The game of limitation says that a sonnet has fourteen lines, a sestina six key words, a musical scale eight notes, four bases on the diamond, no touching the ball with your hands. If you don’t accept the seemingly arbitrary limitations, you aren’t playing the game. And the object of the game is to see what you can do within the limitations. Think of Shakespeare, Mozart, and your own personal heroes in the arts or sport or science and what they did with freely accepted limitations like blank verse, sonnet form, and the Western musical scale. On the other hand, anyone with a minimum competence can pick up those rules and play with them, write poems, compose songs, practice shooting hoops.
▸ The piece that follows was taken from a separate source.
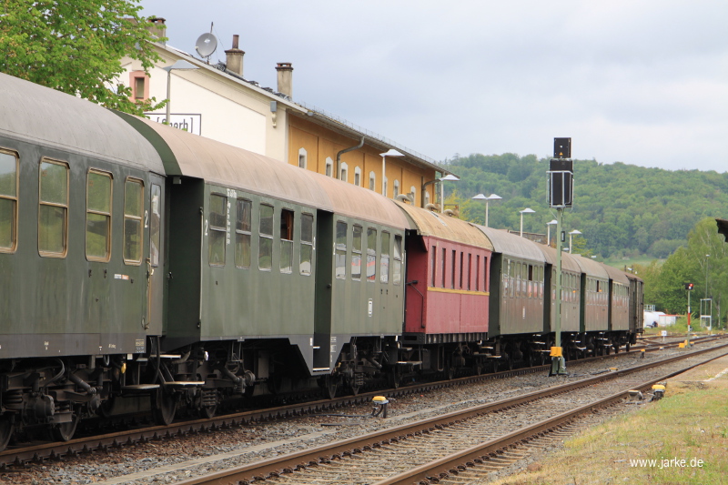 *Ein schöner Frühjahrsausflug für die ganze Familie in die Wetterau.* ist im Jahresprogramm der Museumseisenbahn nachzulesen. Bei wechselhaften April - von Sonne bis Regen war alles dabei - ging es in die Wetterau. Ab Friedberg wurde die Hauptstrecke verlassen und eine teils eingleisige Strecke in malerischer Landschaft befahren. Über Nidda ging es in den kleinen Ort Stockheim (Glauburg). Das dortige Bahnhofsfest bot Unterhaltung für die Kleinen, Sonderausstellungen om Bahnhof, zahlreiche kulinarische Angebote als auch den Besuch beim örtlichen Modelleisenbahnclub. Die Besucher konnten auch spontan ein Ticket für die Pendelfahrt Stockheim <-> Nidda beim Schaffner lösen. Familienfreundliche Fahrpreise dürften viele Familien *angefixt* haben, zukünftig wieder mit der Dampflok mitzufahren und bei den Kleinsten (selbst die Mitnahme von Kinderwagen im BDm Wagen war kein Problem) die Faszination Dampfeisenbahn ausgelöst haben. Eine tolle Werbung für ein schönes Hobby.

I can view being an Episcopalian, an Anglican Christian in the U.S.A., as a happenstance derived from my place and time of birth and the events of my childhood, or I can view it as a freely accepted creative limitation. Within that structure, I can dabble in all manner of theory and practice across the spectrum of Christian tradition–labyrinths or Ignatian meditation, centering prayer and the Rosary, the Rhineland mystics, the desert fathers and mothers, Henri Nouwen or Thomas Merton–or I can accept another creative limitation. I can accept that I don’t have time, energy, or brain cells to learn everything there is to know about every Christian tradition and practice, and I can stick to those that have resonated with me consistently for decades: The Showings of Julian of Norwich. The Rule of St. Benedict. The medieval mystics of England, Julian’s contemporaries, such as the author of The Cloud of Unknowing. Saying the Daily Office. Keeping a journal as a form of meditation. Writing in general, fiction, poetry, journal, or public blogging, as a form of meditation, digestion, lectio divina.

I shall string up my net across the court, pick up my racket, and wait for God to serve the ball.